Arbor Realty Trust, Inc. (ABR), a prominent player in the real estate investment sector, has recently posted solid financial results for Q2 2023. With net income reaching $76.2 million, or $0.41 per diluted common share, compared to $69.9 million in the same quarter last year, Arbor Realty Trust, Inc.'s performance is on an upward trajectory. Notably, distributable earnings surged to $114.0 million, equating to $0.57 per diluted common share, up from $93.7 million in Q2 2022. Arbor Realty Trust, Inc.'s Agency Business segment has been a pivotal driver, generating revenues of $76.7 million this quarter.
Riding on a wave of success, Arbor Realty Trust, Inc. has responded to its strong performance by enhancing its dividend offerings. The Board of Directors sanctioned a substantial dividend increase, propelling the quarterly cash dividend to $0.43 per share of common stock for the quarter ended June 30, 2023. This move mirrors Arbor Realty Trust, Inc.'s confidence in its continued growth and profitability. The dividend payout is scheduled for August 31, 2023, benefiting common stockholders of record by August 15, 2023.
Such a bullish dividend declaration can be attributed to Arbor Realty Trust, Inc.'s impressive operational achievements and its persistent focus on expansion. Bolstered by a dynamic loan origination platform and a robust fee-based servicing portfolio, Arbor Realty Trust is tapping into lucrative opportunities within the real estate sector.
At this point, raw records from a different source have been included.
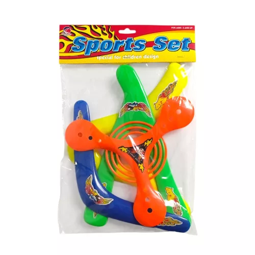 Frizbi klt., bumeráng, 4 db, 22x35 cm zacsk.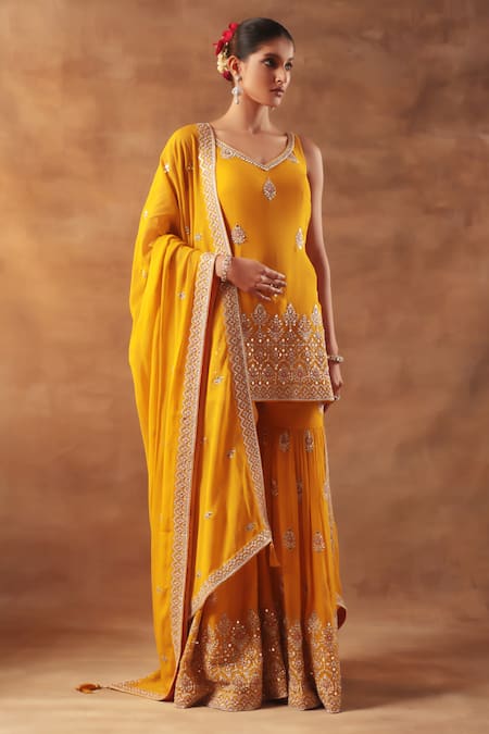 Yellow kurta featuring resham and beads embellishments. Paired with a matching sharara and dupatta.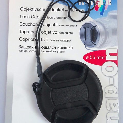 Levereras med snodd för att kunna fästas i kamerahus eller rem och minska risken att locket tappas bort.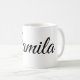 A beautiful minimalist mug featuring a stylish handwritten script name with a small black heart underneath. This elegant and modern design is perfect for everyday use or as a thoughtful personalized gift.

This solid performance, combined with effective cost management strategies, contributes to Arbor Realty Trust, Inc.'s ability to provide attractive dividends to its shareholders, fostering investor confidence in its future prospects.
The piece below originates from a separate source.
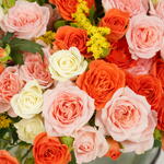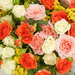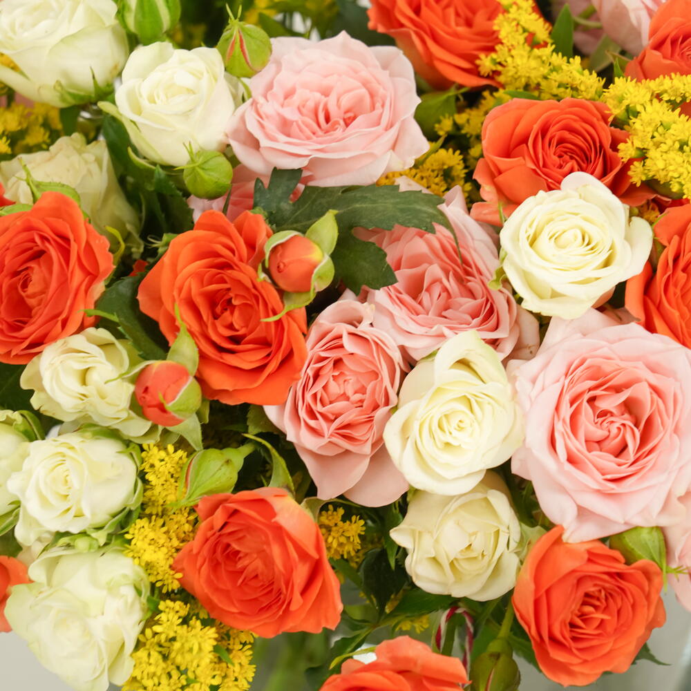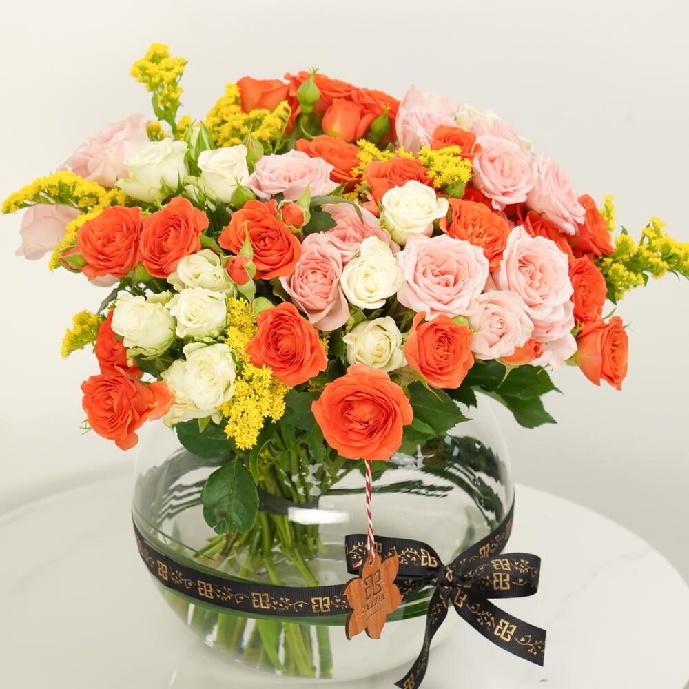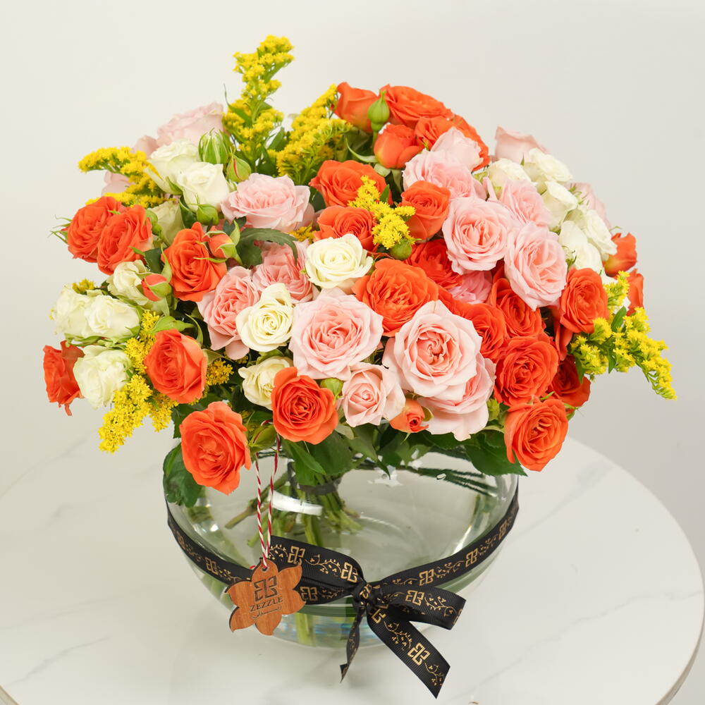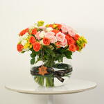 A cheerful and colorful glass bowl arrangement featuring 10 pink spray roses, 10 orange spray roses, 10 white spray roses, and 5 yellow solidago. Perfect for brightening any occasion with elegance and charm.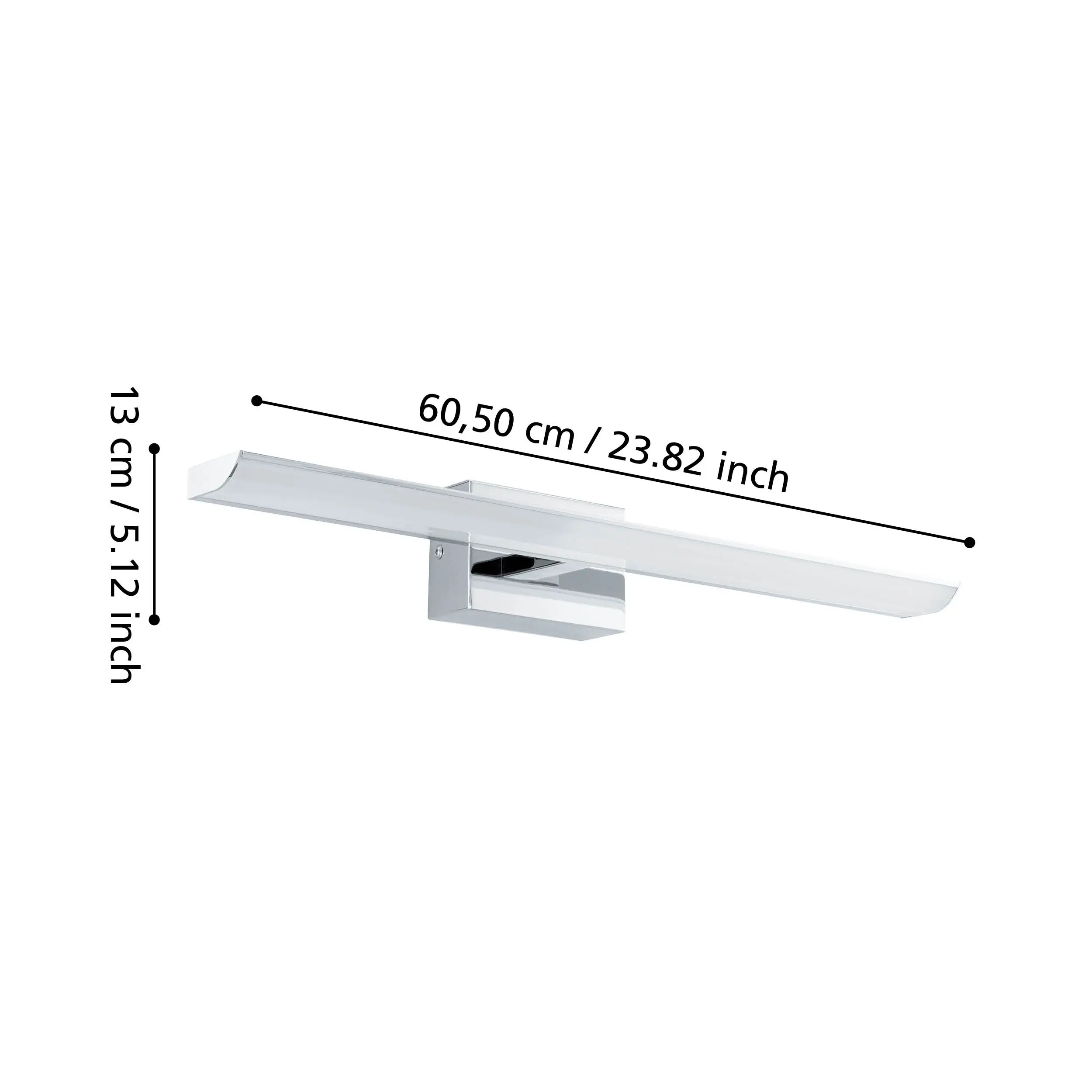 Stylish chrome & white look – Sleek steel housing in polished chrome with a clean white plastic shade blends seamlessly with modern vanities.

Arbor Realty Trust, Inc. is a real estate investment company focused on diversified structured finance assets in multifamily, single-family rental, and commercial real estate markets. Operating through two segments, Structured Business and Agency Business, it primarily invests in real estate-related bridge and mezzanine loans, preferred and direct equity, as well as various mortgage-related securities. Offering bridge financing, preferred equity investments, mezzanine financing, and junior participation financing, Arbor Realty Trust also underwrites, originates, sells, and services multifamily mortgage loans. As a qualified real estate investment trust, it was founded in 2003 and is headquartered in Uniondale, New York.
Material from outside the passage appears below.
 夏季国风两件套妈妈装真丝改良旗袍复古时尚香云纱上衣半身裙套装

Viper Energy Partners LP (NASDAQ: VNOM), a subsidiary of Diamondback Energy, Inc. (NASDAQ: FANG), has unveiled impressive financial results for Q2 2023, showcasing remarkable growth and record-breaking achievements. With an average production increase of 5.1% from Q1 2023 and a staggering 7.0% year-over-year surge, hitting an all-time high, Viper Energy Partners LP's performance is on an upward trajectory. Notably, it reported $79.9 million in consolidated net income for Q2 2023, contributing to its decision to elevate the annual base distribution by an impressive 8% to $1.08 per common unit. This move marks the continuation of its enhanced return of capital program, which aligns with Viper Energy Partners LP's improved balance sheet and robust cash flow. Travis Stice, CEO of Viper Energy Partners LP's General Partner, highlighted that this boost in distribution underscores their dedication to consistent and expanding returns over the long term. Viper Energy Partners LP's strategic focus on high-quality royalty assets and its close collaboration with Diamondback have proven fruitful, as evidenced by the consecutive record-breaking oil production and a strong growth outlook.
Viper Energy Partners LP's financial strength and promising outlook are underpinned by its prudent management of resources, a strategic approach to growth, and an advantageous relationship with Diamondback. Viper Energy Partners LP's commitment to sustainable returns through increased dividends signals its confidence in maintaining this positive trajectory. With Viper Energy Partners LP's net oil volumes projected to rise by over 15% in 2023 and an additional 10% in 2024, the growth momentum seems set to continue. These factors, combined with their prudent repurchase program and an ever-improving balance sheet, position Viper Energy Partners LP as a compelling choice for investors seeking both stability and growth potential in the energy sector.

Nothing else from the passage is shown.